We can actually separate variation in into two parts:

`$$Var(Y) = \frac{1}{N} \sum^{G}_{j=1}{\sum^{N_k}_{i=1}{(Y_{ij} - \bar{Y})^2}},$$`

where 
- `$N$` is the number of all observations, 
- `$Y_{ij}$` is the value of variable `$Y$` for observation `$i$` in group `$j$`, and 
- `$\bar{Y}$` the overall mean of variable `$Y$` of all observations in all samples.

---

![](04_anova_files/figure-html/unnamed-chunk-2-1.png)

---

## The two parts as a linear model

We can also express each value as a model that distinguishes between the two sources of variation:

`$$Y_{ij}=\bar{x}+\alpha_{j}+\varepsilon_{ij},$$`

where 
- `$Y_{ij}$` is the value of `$Y$` for observation `$i$` from group `$j$`, 
- `$\bar{x}$` the overall mean, 
- `$\alpha_{i}$` the difference between mean of group `$j$` and overall mean `$\bar{x}$`, and 
- `$\varepsilon_{ij}$` the difference between group mean and value for observation `$i$` from factor `$j$`.

---

Total variation can be expressed as the deviation of each observation from the mean.

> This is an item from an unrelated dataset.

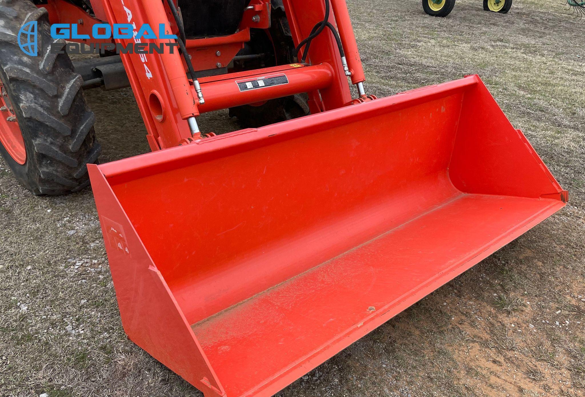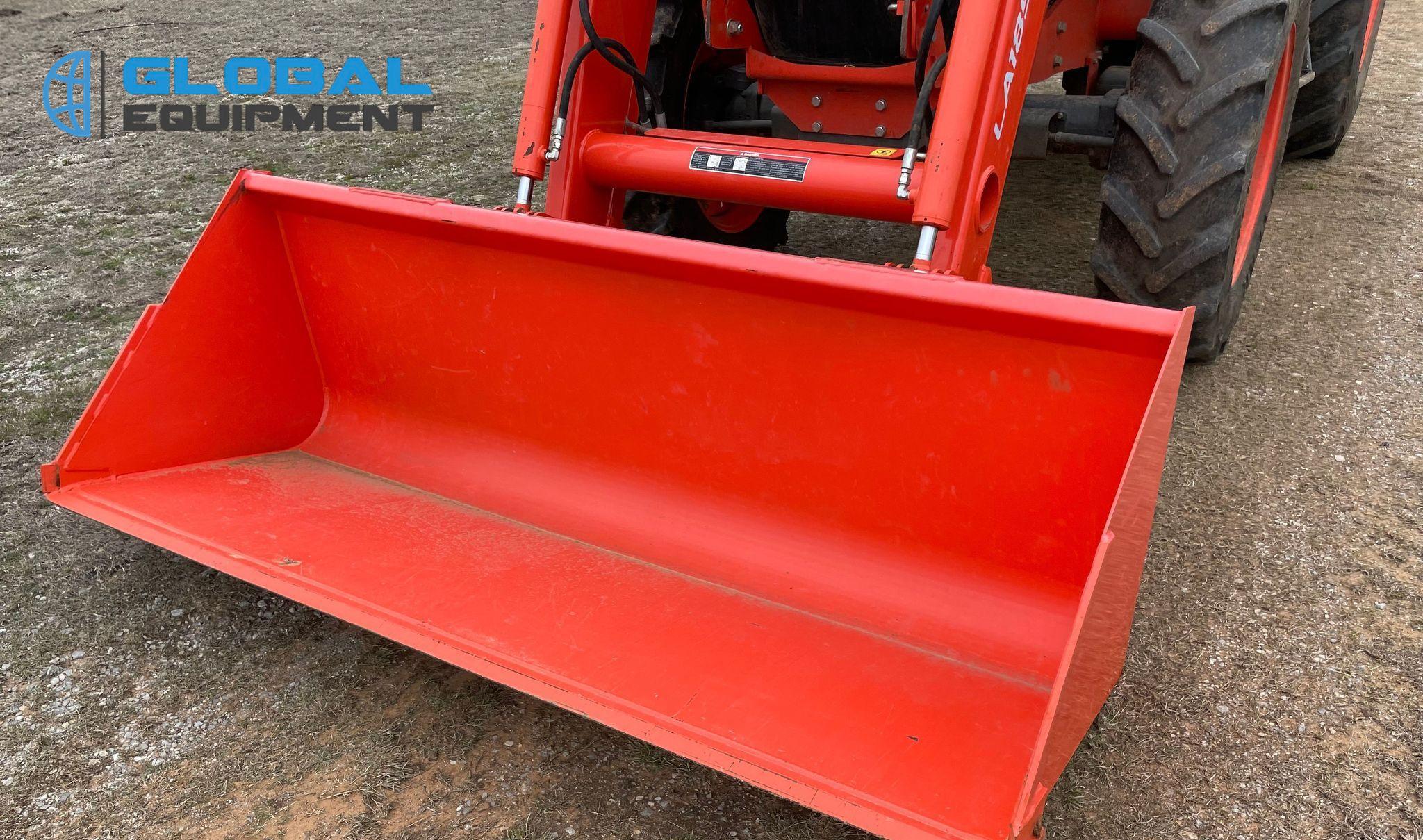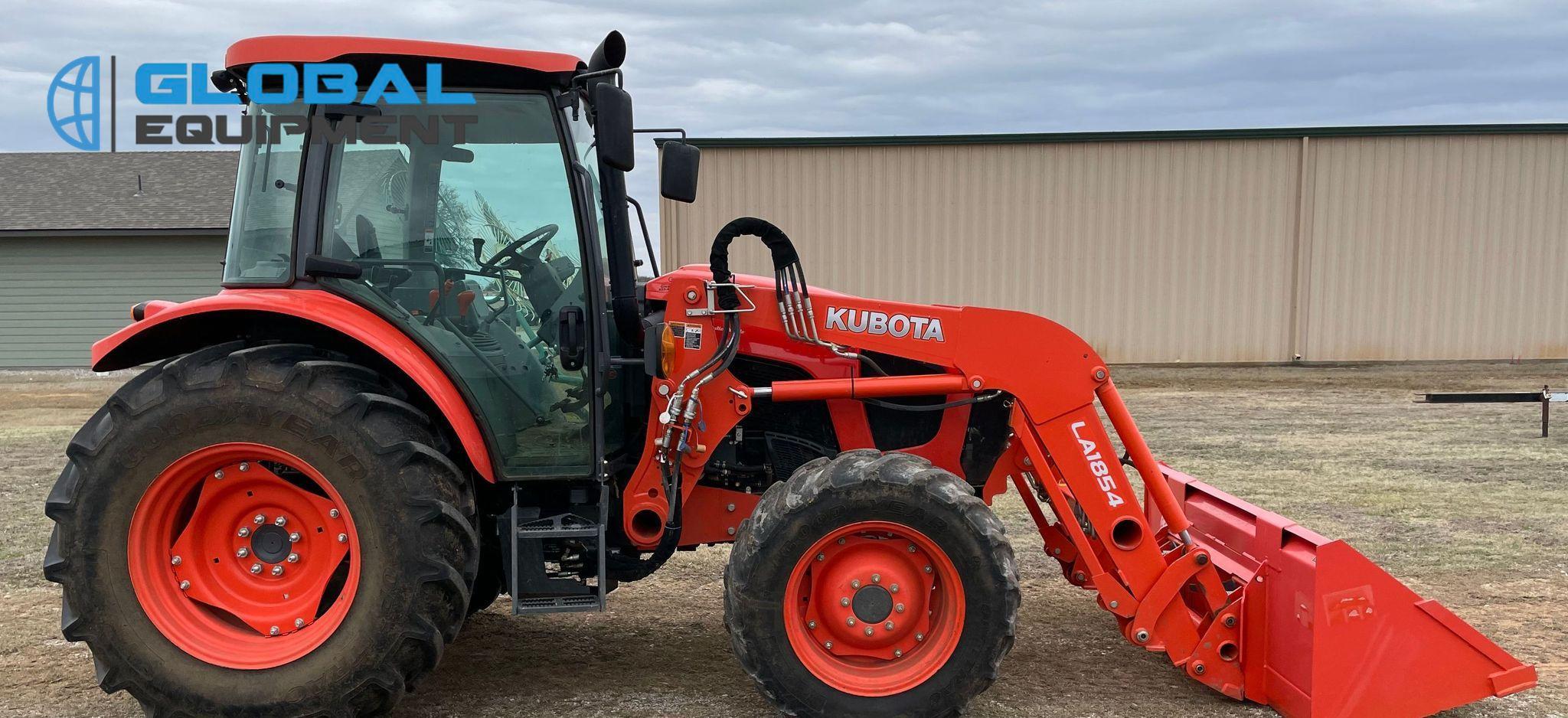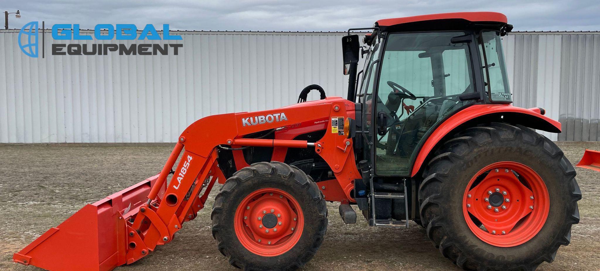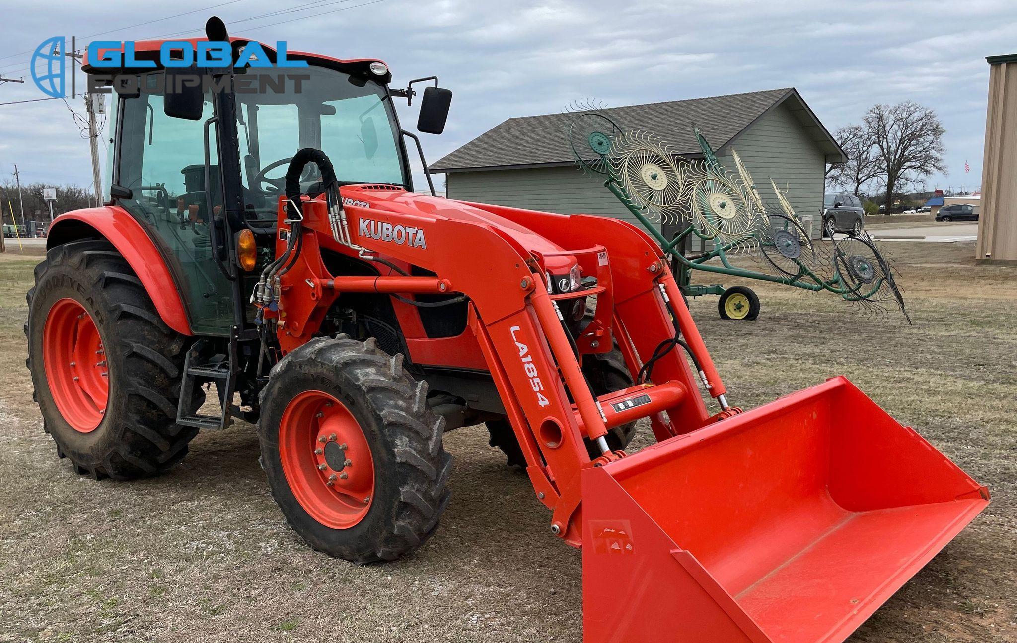 2019 Kubota M5-091D MFWD tractor, 2,040 Hours on meter, Synchro Transmission with Left-Hand Reverser and Differential Lock, Enclosed Cab with AC and Heat, Equipped with 540 PTO, Three-Point Hitch with Top Link, 2 Rear Hydraulic Remote Sets, and Kubota LA1854 Loader with Joystick Controls and 82" Bucket. Riding on Front 12.4-24 and Rear 18.4-34 Tires.

`$$Y_{ij}= \bar{x} + \varepsilon_{i}$$`

|    |Species    | Sepal.Length|        x|  epsilon_i|
|:---|:----------|------------:|--------:|----------:|
|1   |setosa     |          5.1| 6.022222| -0.9222222|
|2   |setosa     |          4.9| 6.022222| -1.1222222|
|3   |setosa     |          4.7| 6.022222| -1.3222222|
|51  |versicolor |          7.0| 6.022222|  0.9777778|
|52  |versicolor |          6.4| 6.022222|  0.3777778|
|53  |versicolor |          6.9| 6.022222|  0.8777778|
|101 |virginica  |          6.3| 6.022222|  0.2777778|
|102 |virginica  |          5.8| 6.022222| -0.2222222|
|103 |virginica  |          7.1| 6.022222|  1.0777778|

---

We can also separate factor `$\alpha$` from total variation:

`$$Y_{ij}=\bar{x}+\alpha_{j}+\varepsilon_{ij},$$`

- `$Y_{ij}$` is the value for observation `$i$` from group `$j$`, 
- `$\bar{x}$` the overall mean, 
- `$\alpha_{i}$` the difference between mean of group `$j$` and overall mean `$\bar{x}$`, and 
- `$\varepsilon_{ij}$` the difference between group mean and value for observation `$i$` from factor `$j$`.

---

`$$Y_{ij}=\bar{x}+\alpha_{j}+\varepsilon_{ij}$$`

|    |Species    | Sepal.Length|        x|  epsilon_i|    alpha_j| epsilon_ij|
|:---|:----------|------------:|--------:|----------:|----------:|----------:|
|1   |setosa     |          5.1| 6.022222| -0.9222222| -1.1222222|  0.2000000|
|2   |setosa     |          4.9| 6.022222| -1.1222222| -1.1222222|  0.0000000|
|3   |setosa     |          4.7| 6.022222| -1.3222222| -1.1222222| -0.2000000|
|51  |versicolor |          7.0| 6.022222|  0.9777778|  0.7444444|  0.2333333|
|52  |versicolor |          6.4| 6.022222|  0.3777778|  0.7444444| -0.3666667|
|53  |versicolor |          6.9| 6.022222|  0.8777778|  0.7444444|  0.1333333|
|101 |virginica  |          6.3| 6.022222|  0.2777778|  0.3777778| -0.1000000|
|102 |virginica  |          5.8| 6.022222| -0.2222222|  0.3777778| -0.6000000|
|103 |virginica  |          7.1| 6.022222|  1.0777778|  0.3777778|  0.7000000|

---

For

`$$Y_{ij}=\bar{x}+\alpha_{j}+\varepsilon_{ij},$$`

there are two sources of variation: 
- variation **between groups**, expressed by `$\alpha_{j}$`
- random variation **within a group**, expressed by `$\varepsilon_{ij}$`

The idea behind ANOVA is comparing these two sources of variation.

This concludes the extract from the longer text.